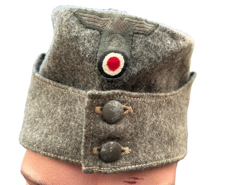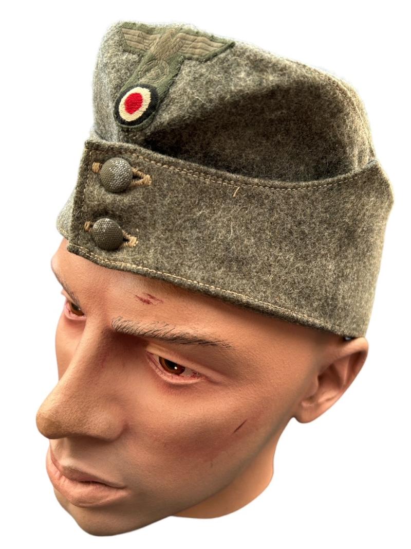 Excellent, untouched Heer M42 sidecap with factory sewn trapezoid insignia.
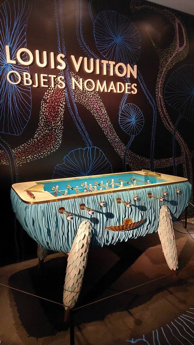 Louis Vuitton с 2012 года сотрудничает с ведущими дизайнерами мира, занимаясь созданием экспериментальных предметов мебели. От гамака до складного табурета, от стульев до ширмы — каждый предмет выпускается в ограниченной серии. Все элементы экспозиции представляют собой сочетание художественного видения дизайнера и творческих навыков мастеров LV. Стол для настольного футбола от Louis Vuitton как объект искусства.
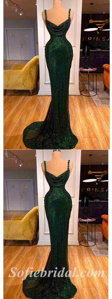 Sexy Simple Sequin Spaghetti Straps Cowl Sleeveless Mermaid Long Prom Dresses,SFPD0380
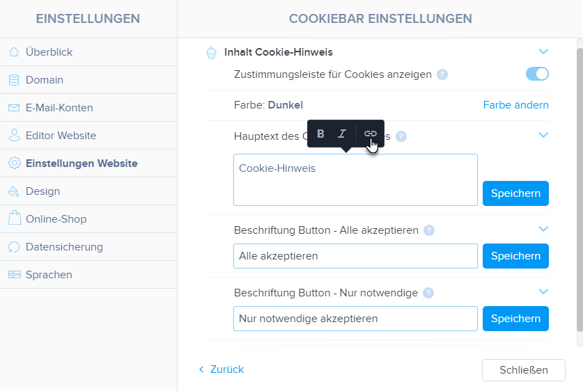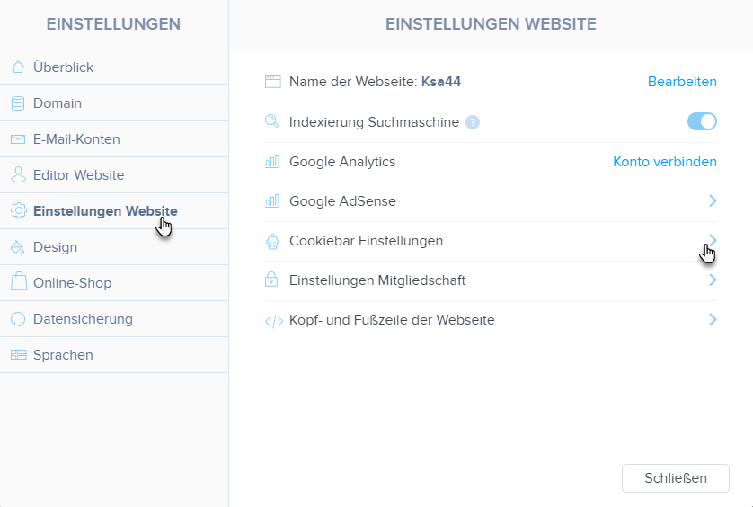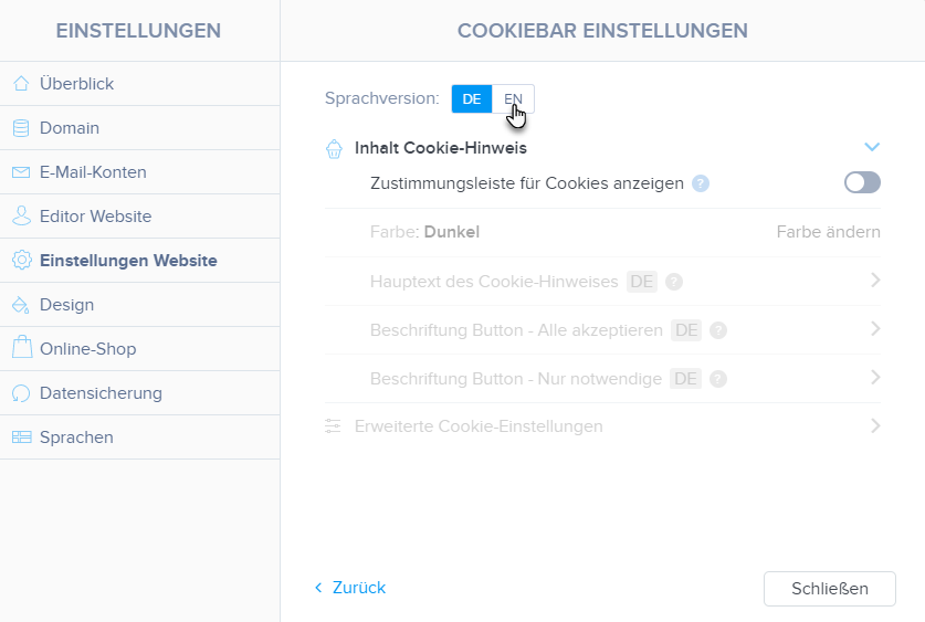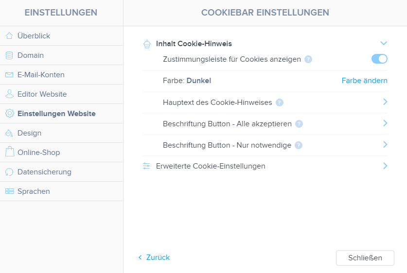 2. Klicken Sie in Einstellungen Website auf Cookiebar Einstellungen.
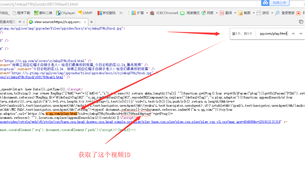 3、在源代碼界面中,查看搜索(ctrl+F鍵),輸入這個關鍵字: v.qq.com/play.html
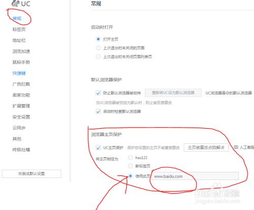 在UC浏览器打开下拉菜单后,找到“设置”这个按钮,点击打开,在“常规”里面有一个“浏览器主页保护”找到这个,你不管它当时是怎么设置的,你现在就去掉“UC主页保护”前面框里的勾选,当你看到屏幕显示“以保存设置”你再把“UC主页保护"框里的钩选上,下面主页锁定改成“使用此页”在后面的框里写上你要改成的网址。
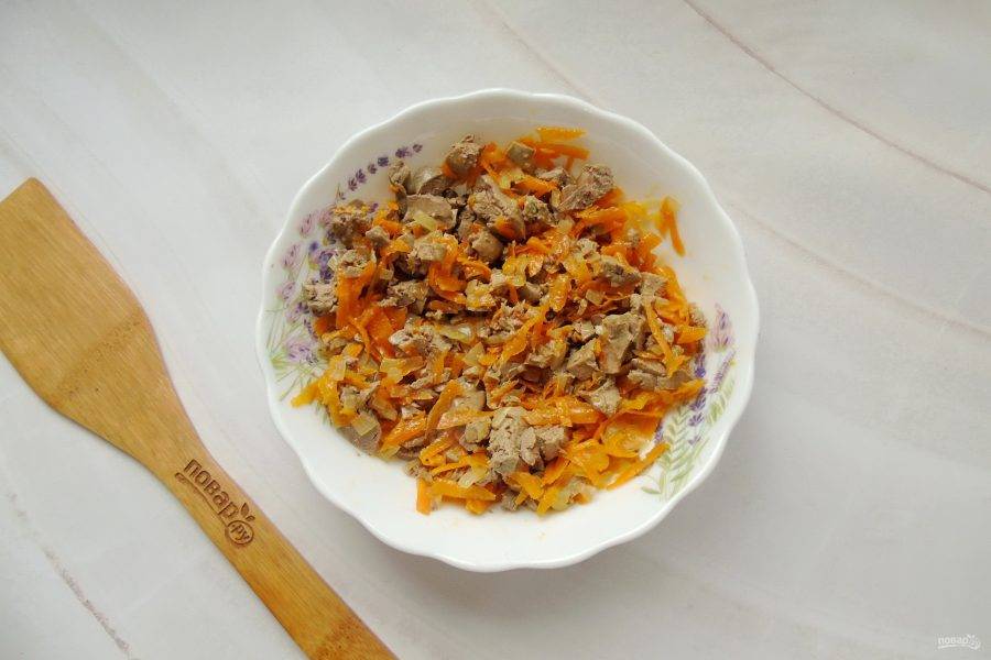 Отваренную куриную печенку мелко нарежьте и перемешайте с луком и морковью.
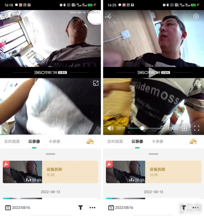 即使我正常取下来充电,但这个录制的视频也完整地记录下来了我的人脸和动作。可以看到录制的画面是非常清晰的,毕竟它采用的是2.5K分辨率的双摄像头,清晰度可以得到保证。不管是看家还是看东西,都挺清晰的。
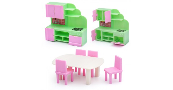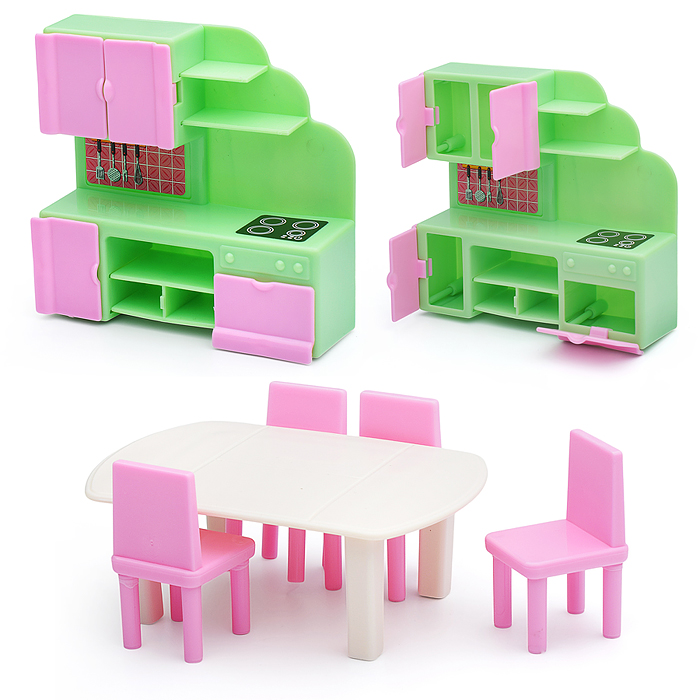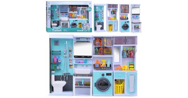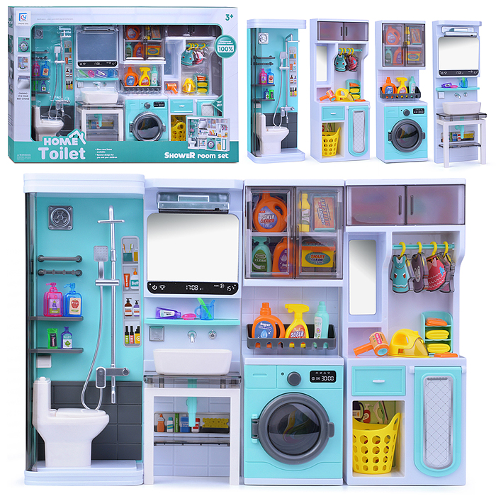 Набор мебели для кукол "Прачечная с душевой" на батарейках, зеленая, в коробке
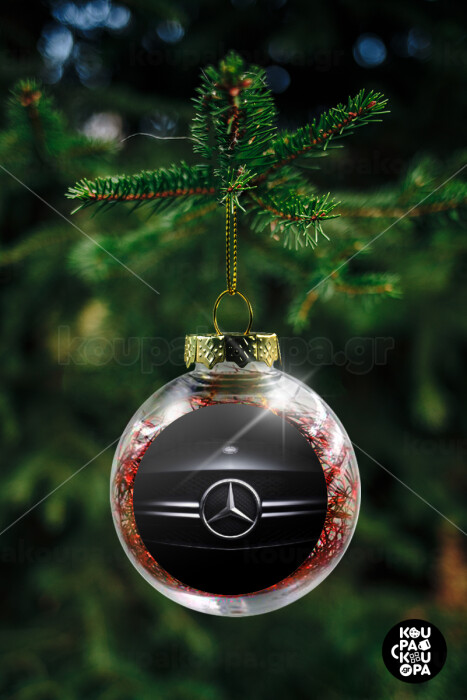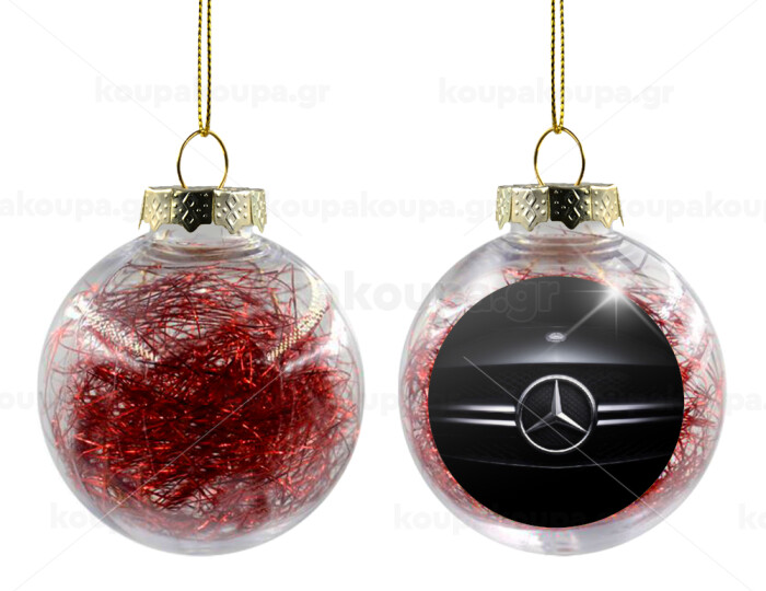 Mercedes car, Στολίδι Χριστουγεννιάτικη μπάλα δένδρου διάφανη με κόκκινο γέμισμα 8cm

_ _ _ _

» **TASK**: In the records above, the lines from the one containing "即使我正常取下来充电,但这个" through the last line are to be written out exactly, both ends included and pictures omitted.

» **FINISHED TASK**:
 即使我正常取下来充电,但这个录制的视频也完整地记录下来了我的人脸和动作。可以看到录制的画面是非常清晰的,毕竟它采用的是2.5K分辨率的双摄像头,清晰度可以得到保证。不管是看家还是看东西,都挺清晰的。
 Набор мебели для кукол "Прачечная с душевой" на батарейках, зеленая, в коробке
 Mercedes car, Στολίδι Χριστουγεννιάτικη μπάλα δένδρου διάφανη με κόκκινο γέμισμα 8cm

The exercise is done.